More Shia Family Law stuff

I have no idea what to title these posts at this point.

Anyway, an expert (to see who, go to the comment thread) wrote the following at Registan.

Just a quick point on this law — it is certainly a bad development from a political point of view, for the reasons enumerated above.

However, purely as a law, it has been caricatured as the ‘marital rape’ law. In fact, the Dari version shows it to be basically pretty middle of the road Shi’a jurisprudence, slightly to the right of Iran, but not egregiously so.

The particular provision that has been mistranslated and misinterpreted as ‘allowing’ marital rape doesn’t do so, legally speaking: article 132 includes the following relevant provisions:
(1) The spouses are obliged to socialize with one another and their parents and family.
(2) The spouses are obliged to cooperate and collaborate for welfare of their families and children.
(3) The spouses must abstain from any actions that would cause the hatred and displeasure of one another; whenever the husband wants his wife to attend to her appearance, the wife is obliged to do so.
(4) The husband is obliged, except during period of travel, to spend the night in one place with his wife at least one night out of four, except when it is harmful to one of the spouses or one of them suffers from a venereal disease. It is the duty of the wife to tend to the husband’s inclination for sexual liaison. The husband is obliged to not postpone intimacy with his wife for more than four months without his wife’s consent.
(5) Whenever a man has more than one wife, he is obliged to spend at least one night out of four in view of section (4). The right of the wife (to intimacy) may, upon her consent, be transferred to the husband and other spouses.
(6) The husband may increase the rights (of intimacy) to more than one night, on the condition that no harm or shame comes to the other spouses.
(7) The wife is obliged to manage and perform those areas of domestic chores that the husband has specified in the marriage contract; otherwise, the wife is not obliged to perform domestic chores.

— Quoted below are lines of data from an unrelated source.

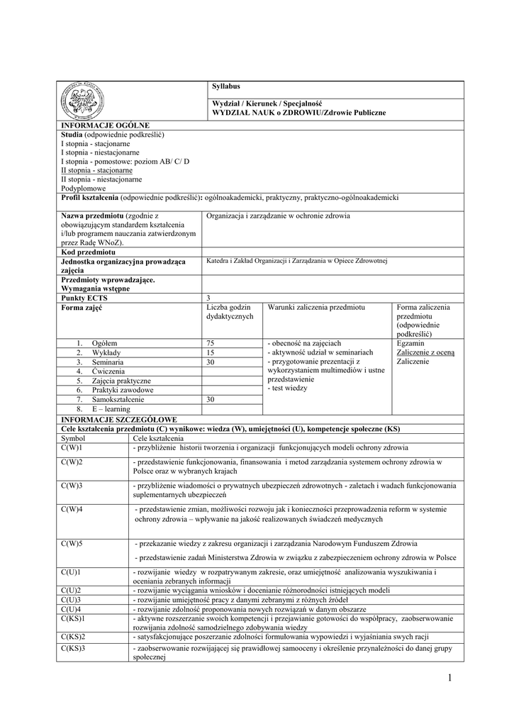 Syllabus Wydział / Kierunek / Specjalność WYDZIAŁ NAUK o ZDROWIU/Zdrowie Publiczne INFORMACJE OGÓLNE Studia (odpowiednie podkreślić) I stopnia - stacjonarne I stopnia - niestacjonarne I stopnia - pomostowe: poziom AB/ C/ D II stopnia - stacjonarne II stopnia - niestacjonarne Podyplomowe Profil kształcenia (odpowiednie podkreślić): ogólnoakademicki, praktyczny, praktyczno-ogólnoakademicki Nazwa przedmiotu (zgodnie z obowiązującym standardem kształcenia i/lub programem nauczania zatwierdzonym przez Radę WNoZ). Kod przedmiotu Jednostka organizacyjna prowadząca zajęcia Przedmioty wprowadzające. Wymagania wstępne Punkty ECTS Forma zajęć Organizacja i zarządzanie w ochronie zdrowia Katedra i Zakład Organizacji i Zarządzania w Opiece Zdrowotnej 3 Liczba godzin dydaktycznych Warunki zaliczenia przedmiotu Forma zaliczenia przedmiotu (odpowiednie podkreślić) Egzamin Zaliczenie z oceną Zaliczenie 1. Ogółem 75 - obecność na zajęciach - aktywność udział w seminariach 2. Wykłady 15 - przygotowanie prezentacji z 3. Seminaria 30 wykorzystaniem multimediów i ustne 4. Ćwiczenia przedstawienie 5. Zajęcia praktyczne - test wiedzy 6. Praktyki zawodowe 7. Samokształcenie 30 8. E – learning INFORMACJE SZCZEGÓŁOWE Cele kształcenia przedmiotu (C) wynikowe: wiedza (W), umiejętności (U), kompetencje społeczne (KS) Symbol Cele kształcenia C(W)1 - przybliżenie historii tworzenia i organizacji funkcjonujących modeli ochrony zdrowia C(W)2 - przedstawienie funkcjonowania, finansowania i metod zarządzania systemem ochrony zdrowia w Polsce oraz w wybranych krajach C(W)3 - przybliżenie wiadomości o prywatnych ubezpieczeń zdrowotnych - zaletach i wadach funkcjonowania suplementarnych ubezpieczeń C(W)4 - przedstawienie zmian, możliwości rozwoju jak i konieczności przeprowadzenia reform w systemie ochrony zdrowia – wpływanie na jakość realizowanych świadczeń medycznych C(W)5 - przekazanie wiedzy z zakresu organizacji i zarządzania Narodowym Funduszem Zdrowia - przedstawienie zadań Ministerstwa Zdrowia w związku z zabezpieczeniem ochrony zdrowia w Polsce C(U)1 C(U)2 C(U)3 C(U)4 C(KS)1 C(KS)2 C(KS)3 - rozwijanie wiedzy w rozpatrywanym zakresie, oraz umiejętność analizowania wyszukiwania i oceniania zebranych informacji - rozwijanie wyciągania wniosków i docenianie różnorodności istniejących modeli - rozwijanie umiejętność pracy z danymi zebranymi z różnych źródeł - rozwijanie zdolność proponowania nowych rozwiązań w danym obszarze - aktywne rozszerzanie swoich kompetencji i przejawianie gotowości do współpracy, zaobserwowanie rozwijania zdolność samodzielnego zdobywania wiedzy - satysfakcjonujące poszerzanie zdolności formułowania wypowiedzi i wyjaśniania swych racji - zaobserwowanie rozwijającej się prawidłowej samooceny i określenie przynależności do danej grupy społecznej 1 Przewidywane efekty kształcenia studenta w zakresie wiedzy (W), umiejętności (U), kompetencji społecznych (KS). Symbol Przewidywane efekty kształcenia studenta (EK): wiedza (W), umiejętności (U), kompetencje społeczne (KS). EK (W)1 - wie jak rozwijał się system ochrony zdrowia, zna główne czynniki wpływające na odrębność form funkcjonowania - posiada wiedzę dotyczącą funkcjonowania, finansowania i organizacji wybranych systemów ochrony zdrowia - wie na czym polegają prywatne ubezpieczenia zdrowotne, rozumie wady i zalety tych rozwiązań - posiada wiedzę o możliwościach zmian w systemie ochrony zdrowia, rozumie potrzebę reformy - posiada wiedze dotyczącą funkcjonowania Narodowego Funduszu Zdrowia - wie jakie zadania stoją przed Ministerstwem Zdrowia - praktyczne rozwijanie wiedzy, oraz utrwalenie umiejętności analizowania wyszukiwania i oceniania zebranych informacji z różnych źródeł - umiejętność wyciągania wniosków, interpretacji zjawisk w kontekście różnorodności istniejących modeli ochrony zdrowia, samodzielnej prezentacji własnych dokonań - praktyczne rozwijanie umiejętność pracy z danymi zebranymi z różnych źródeł EK (W)2 EK (W)3 EK (W)4 EK (W)5 EK (U)1 EK (U)2 EK (U)3 Odniesienie do celów kształcenia (symbol) C(W)1 C(W)2 C(W)3 C(W)4 C(W)5 C(U)1 C(U)2 C(U)3 - umiejętność samoobserwacji, wyciągania wniosków i praktyczne wykorzystanie C(U)4 zdolności proponowania nowych rozwiązań w danym obszarze EK (KS)1 - wykazuje aktywną i satysfakcjonującą zdolność rozszerzanie swoich C(KS)1 kompetencji i zdobywania wiedzy przejawianie gotowości do współpracy i proszenia o pomoc w sytuacjach trudnych EK (KS)2 - wykazuje satysfakcjonującą skuteczność w poszerzaniu zdolności formułowania C(KS)2 wypowiedzi i wyjaśniania swych racji EK (KS)3 - wykazuje świadomość funkcji jaka mu przypadła i jaką będzie realizował w C(KS)3 przyszłości, potrafi planować pracę Treści programowe (TP): opis przedmiotu wynikający z obowiązującego standardu kształcenia i/lub programu nauczania zatwierdzonego przez Radę WNoZ Symbol Forma realizacji treści kształcenia: Odniesienie do np. wykład, seminaria, ćwiczenia, efektów zajęcia praktyczne, praktyki kształcenia zawodowe, samokształcenie, E(symbol) learning TP1 - wykład + samokształcenie EK (W)1 Transformacja systemu ochrony zdrowia zdrowotnej w Polsce i na EK (U)1 Świecie EK (U)2 - prezentacja historii rozwoju system ochrony zdrowia w Polsce od EK (U)3 okresu przedwojennego do roku 2004, EK (U)4 - prezentacja zmian w wybranych systemach ochrony zdrowia na EK (KS)1 Świecie EK (KS)2 EK (KS)3 TP2 - seminaria + samokształcenie EK (W)2 Podstawy (prawne) funkcjonowania systemu ochrony zdrowia w EK (U)1 Polsce oraz w wybranych krajach. EK (U)2 - prezentacja źródeł finansowania systemu opieki zdrowotnej w EK (U)3 Polsce i w wybranych krajach, EK (U)4 - prezentacja zależności pomiędzy finansowaniem systemu opieki EK (KS)1 zdrowotnej a dostępem do świadczeń medycznych EK (KS)2 EK (KS)3 TP3 - wykład + samokształcenie EK (W)3
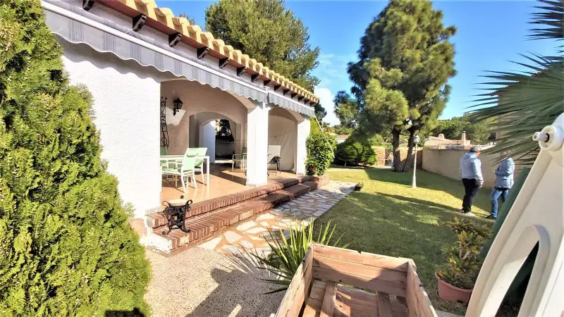 Detached villa of Mediterranean design located in the quiet residential area of Punta Prima, 300 m from the beach, 1.5 km from Zenia Boulevard Shopping Center, 3 km from the Orihuela Costa Golf Courses and 3 km from Torrevieja city. The house has a plot of 936 m2 with centuries-old pines, very well maintained garden, clean, well-kept and functioning pool, 40 m2 porch, large living room with separate dining room and kitchen, fireplace, gallery, 4 bedrooms and 3 bathrooms in total; Bedroom in attic suite on the upper floor. Housing very well built and very well maintained, with “eighties” charm. Although most of the materials have been partially refurbished, the owners maintain it very well and are prepared to live all year.
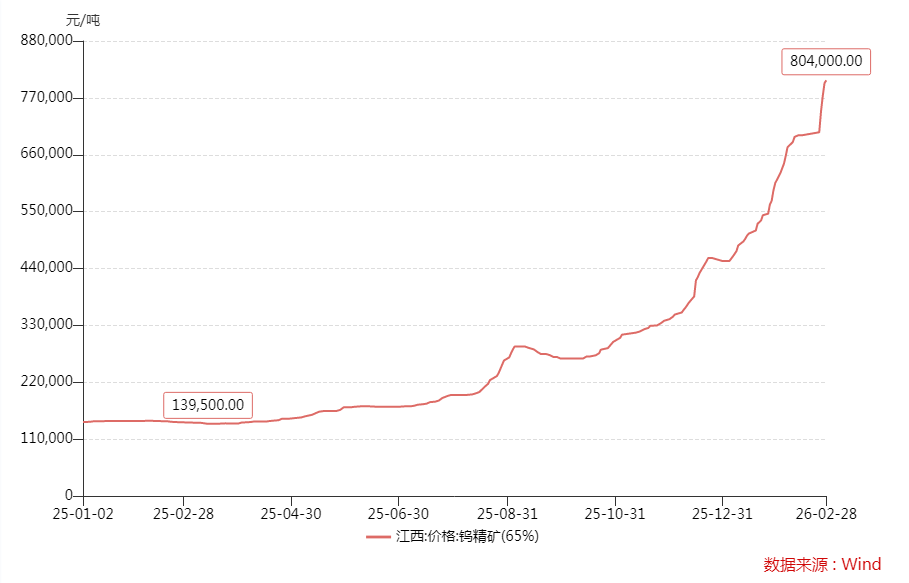 中鎢在線數(shù)據(jù)顯示,3月2日,鎢精礦、仲鎢酸銨、鎢粉等主要產(chǎn)品全線上調(diào),其中最上游的黑鎢精礦、白鎢精礦單日上漲3萬元/標(biāo)噸,最新報(bào)價(jià)達(dá)到83萬元/標(biāo)噸。
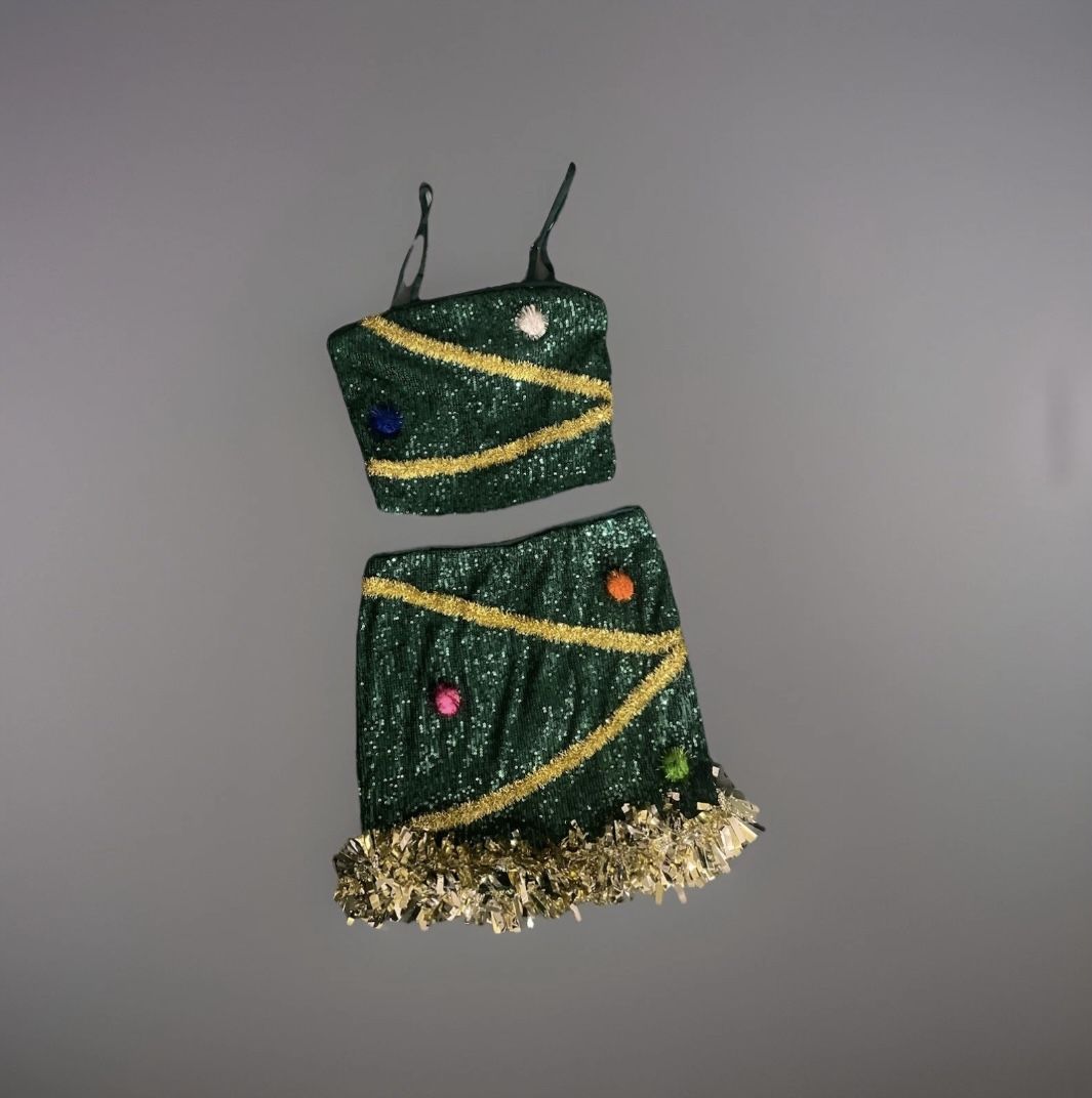 Love On A Women’s Green 2 Piece Cute Christmas Outfit Sexy Skirt Crop Top NWT
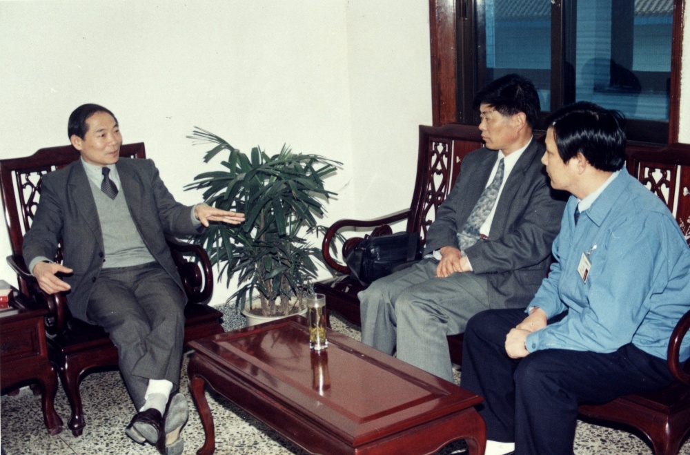 海寧市人大常委會主任(時任中共海寧市常務副市長)徐輝陪同前往考察的香港實業家查濟民先生在宏達經編實業公司
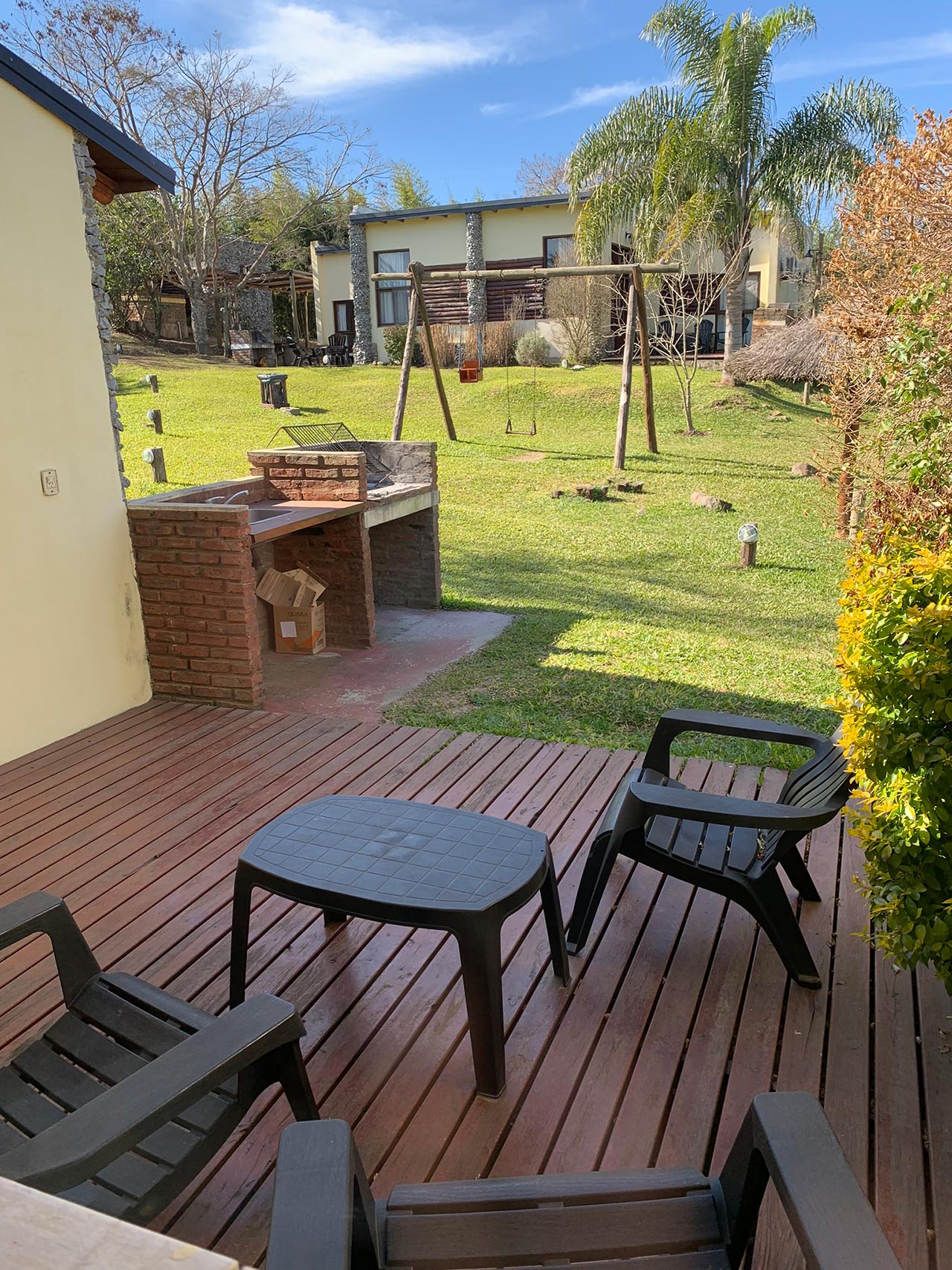 Las Cabañas Súper Confort en una sola planta, pensando en hacerlas mucho mas confortables que las estándar cuentan con un dormitorio con sommier matrimonial y sábanas de percal, LCD 32, un baño completo con hidromasaje y toallas mullidas, con toallero eléctrico para calentar las toallas, la cocina totalmente equipada con horno eléctrico y anafe, heladera con freezer, microondas, cafetera, tostadora, pava eléctrica y un living comedor donde hay un diván que se transforma en dos camitas individuales. LCD de 32" en el living con cable. Todos los ambientes con aire acondicionado frío/calor. Caja de seguridad. Cada cabaña además cuenta con un deck con parrilla y estacionamiento cubierto.

As you can see, this is not an explicit endorsement of marital rape. From a purely legal point of view, the offending language in section (4) (”It is the duty of the wife to tend to the husband’s inclination for sexual liaison”) has to be read in light of section (3)’s injunction against actions that would cause “hatred or displeasure”. And under basic jurisprudential principles the article could be interpreted so as to prohibit rape, in fact.

No question that the language about the wife’s obligation to satisfy the husband’s sexual needs is highly problematic. But the point of article 132 is to govern the mutual responsibilities of spouses (including up to four wives) in the sexual sphere.

No question this is absolutely discriminatory toward women, and deeply troubling, given Afghanistan’s current political climate, as well as the absence of a functioning judiciary, and the absolute lack of state protection for women, in particular Shi’a women.

But it is not a ‘marital rape’ law, and by casting it thus, the Western media and policy makers have actually given a sop to Mohseni and others who make a living by positioning themselves as defenders of Islam against Western interlopers. The law should never have been rammed though, but the Wolesi and Mishrano Jirgas’ foolishness, and Karzai’s weakness, are other issues.

Now, Afghan civil society and their international supporters should focus on ameliorating some of the political damage, and not try to engage in a debate on Shi’a jurisprudence.